There’s plenty I can do around here; I’m not worried about that! It’s just making myself do it, and balancing Smol Human’s needs. Once I settle into something, I think we’ll be alright. It’s just the beginning. We’re all trying to figure it out.

Since my parents will have him for a couple of nights, husband and I are going to watch Zombieland and Shaun of the Dead. He hasn’t seen either. No time like the present to expose him!

So, not very much substance, and a lot of jumbled thoughts again; but when he was researching for Plague Year, Defoe read the letters and accounts of survivors from the 1665 plague that hit London. Those informed him as he saw a potential outbreak looming in the early 1700s. Ideally this won’t last a year. But regardless of how long it lasts, this is history happening, so keeping a record of how we handled it (beyond the memes, of course) is good.

I don’t know that I’ll write this stuff every day, especially as the days begin to blend and the new normal becomes just plain normal. But for now, this is what’s going on. How are you handling things?

Obligatory Plague Post

Ten years ago, zombie fiction was all the rage. Ten years ago, I read World War Z, The Zombie Survival Guide, and Day by Day Armageddon with gusto. I taught a whole unit in my English classes on plague stuff: we read excerpts of Defoe’s Journal of the Plague Year, followed up by the contemporary novel, Day by Day Armageddon, then compared them.
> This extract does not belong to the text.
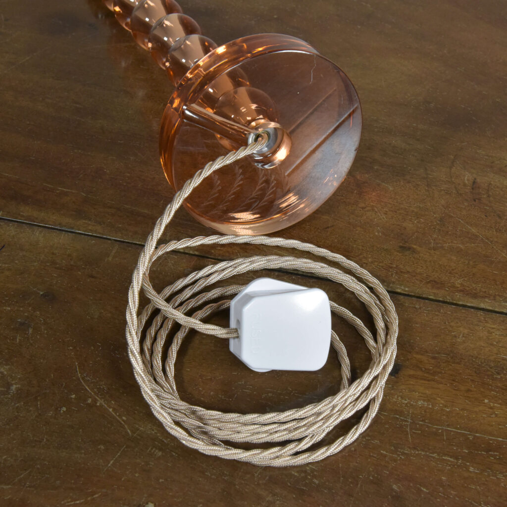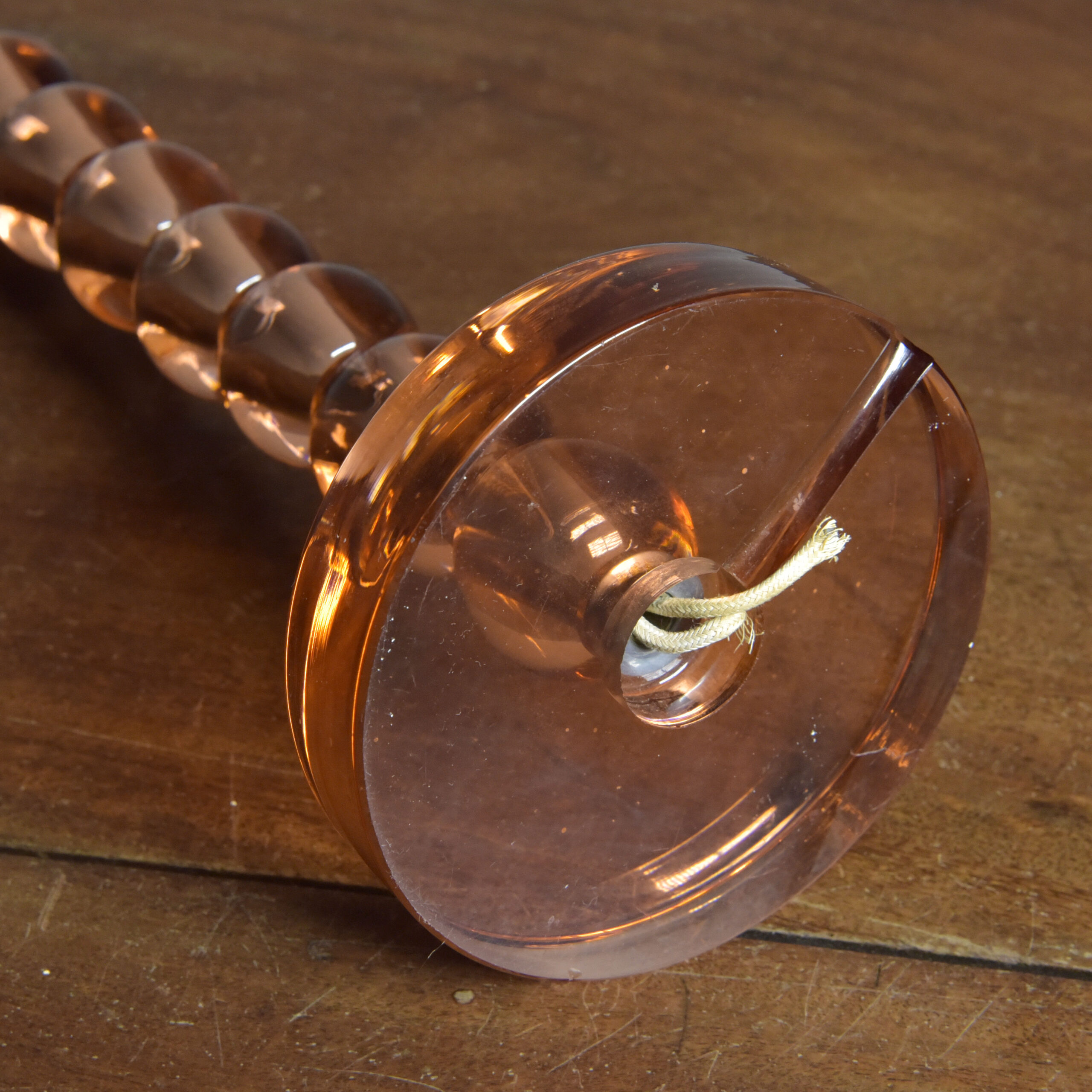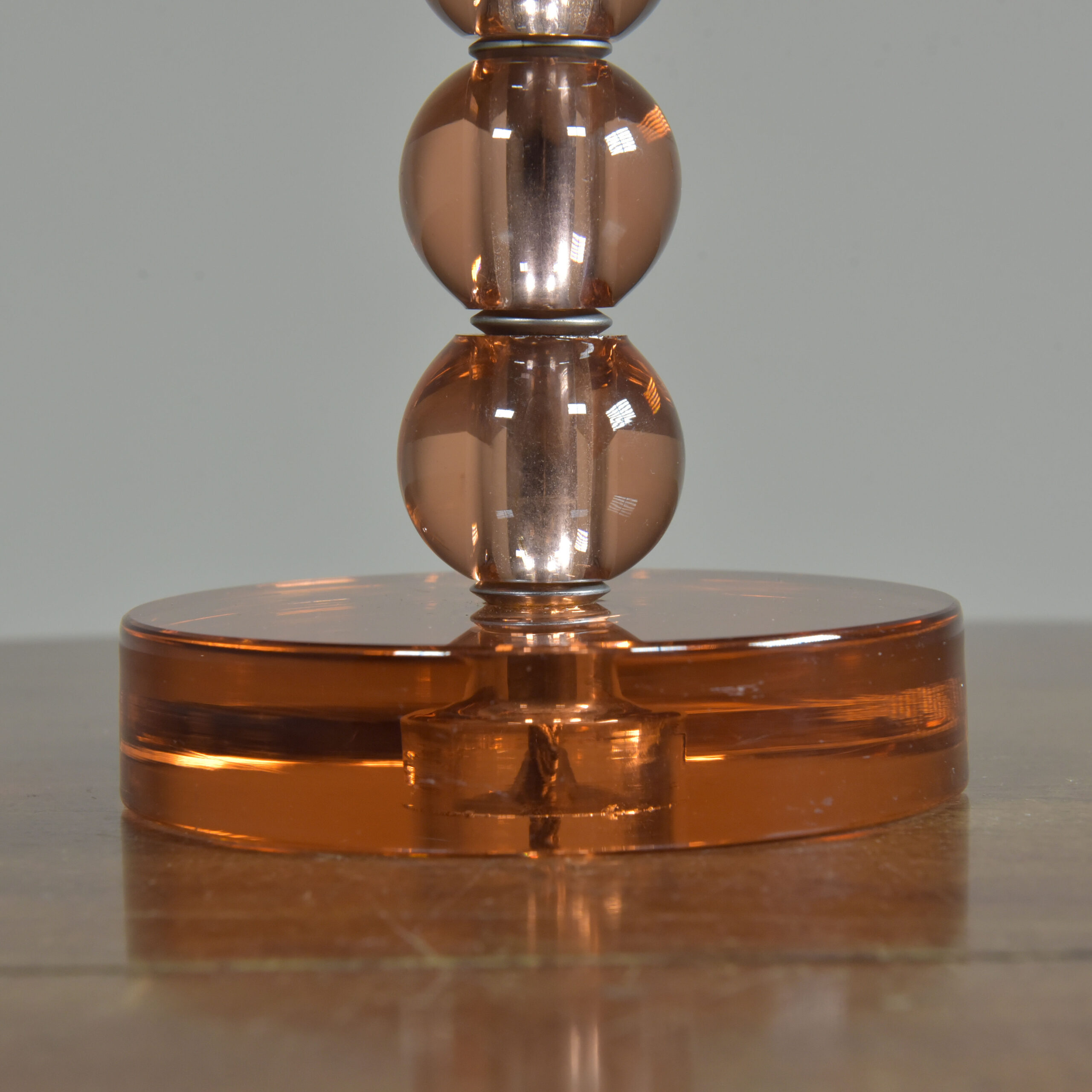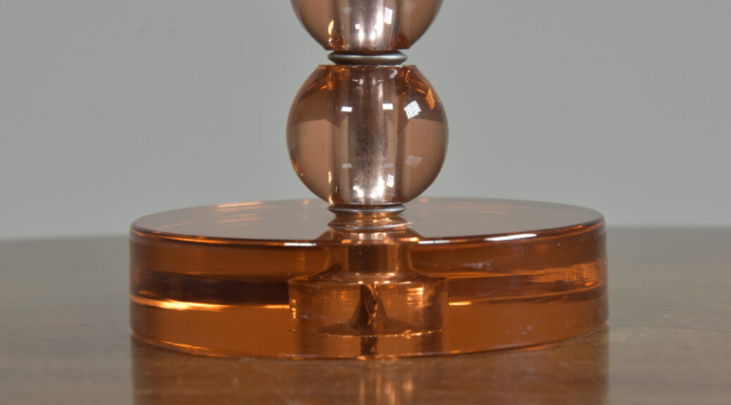 An antique stacked glass ball table lamp with circular glass disc base and faded nickel plated brass fittings. c1920/30s. In a champagne / peach colour..? I have one or two more similar (same model) lamps. Very good quality and excellent conditon . Two images show original lampholder and wiring. Rewired with 2.5 meters of fabric flex, a new patinated brass switched lampholder and a traditional style hard plastic plug. Pat tested. Dimensions in inches/cms; 14.5″/37cm tall inc lampholder. 4.625″/12cm base diameter. Weight is 1.44kg. Click photos to enlarge…

We played Pandemic on the big screen, and competed between classes. The Walking Dead became a thing. Zombieland poked fun at the genre.

What a time to be alive.

Or undead.

Over the last few years apocalyptic literature has waned, and dystopian literature seems to be more popular. And then we have right now, in which we’re living in a dystopia, while a pandemic approaches.

In some ways it’s surreal. Right now it’s business as usual at my workplace, but we do a lot remote anyway. Of the four schools in the state’s university system, we’re the only non-residential school, and most of our classes are online. Face to face classes are one night a week.
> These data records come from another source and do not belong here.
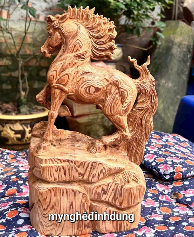 Mua tại Tiktok_ Tượng nhất mã thong dong được làm bằng chất liệu gỗ ngọc am liền khối tự nhiên 100%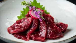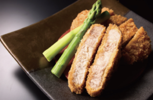 今回使用する「 熊野ポーク」最大の特徴は、圧倒的な「 脂の甘み」と「 柔らかさ」です。近畿大学らが開発したエコで美味しい豚肉の効率的な生産技術の実用化により、通常は2~3%程度と言われる豚肉の筋肉内脂肪(サシ)を、4~9%(一般的な豚肉の約1.4倍以上)まで高めることに成功しました。赤身の中にきめ細かなサシが入ることで、調理後もパサつかず、噛むほどに肉汁が溢れる「霜降り豚肉」となっています。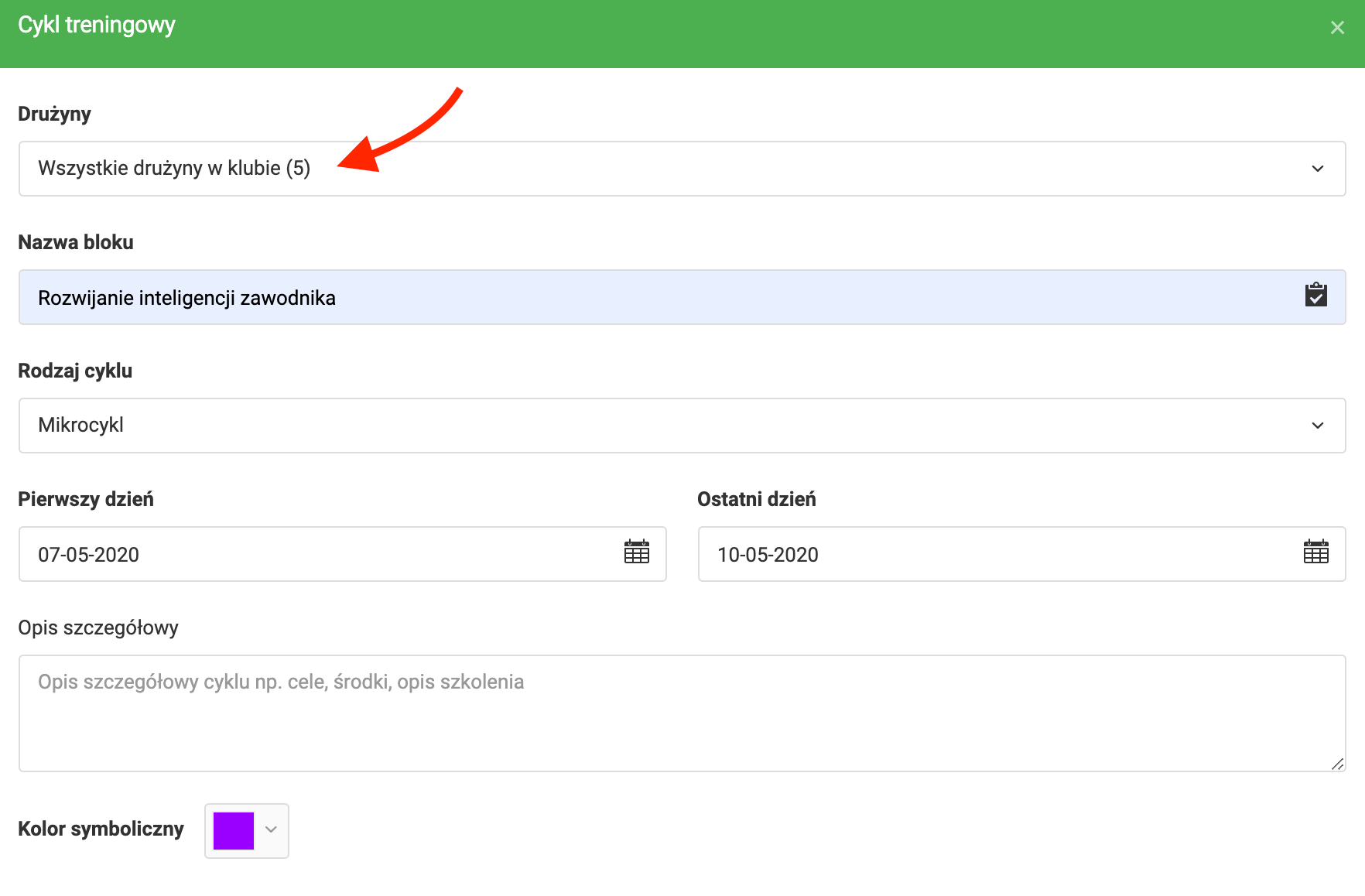 Pamiętaj, że w jednym czasie możesz zaplanować kilka różnych bloków treningowych dla różnych drużyn.

But today we did get word from our recruitment coordinator that our outreach events for the next two weeks are canceled. We’re being asked to be ready to work remote if necessary. And this afternoon (after doing a two-day outreach event), I got a call that the Smol Human’s school district is canceling for the next two weeks.
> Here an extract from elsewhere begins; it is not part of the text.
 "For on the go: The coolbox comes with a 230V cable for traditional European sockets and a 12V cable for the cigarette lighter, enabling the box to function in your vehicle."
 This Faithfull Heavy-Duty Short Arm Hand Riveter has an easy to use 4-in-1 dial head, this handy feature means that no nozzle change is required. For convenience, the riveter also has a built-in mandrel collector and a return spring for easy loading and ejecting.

Again, quite surreal, and takes me back to the books I used to read and teach. While we have a very limited occurrence of COVID-19 in my area, I think these precautions are to keep things from having the opportunity to become more widespread.

Our area doesn’t have the bodies in the streets, deployed military, and everything-is-a-weapon mentality of the apocalyptic literature, or even of Journal of the Plague Year, but even proactive measures throw into glaring relief the issues that… wait for it… plague our society. As it gets worse, we can’t afford to have people going out. And so many people can’t afford not to.

I went to my local grocery store today, and the last time I saw shelves that bare was when they predicted a nor’easter (we New Englanders and our snow). And it’s true, there really isn’t any TP anywhere. I did plan to do a big shop and meal prep this weekend anyway, as the prepped meals in our chest freezer are starting to dwindle, and I wanted to restock, but at the same time I didn’t want to look like I was feeding into the hysteria. Though… is it really hysteria?

I’m not quite sure where I’m going with any of this, but it just felt right to get some thoughts down. I suppose being cautious and proactive will be the best bet with everything.

How are you faring? How are you preparing? Are we too worried, or not worried enough?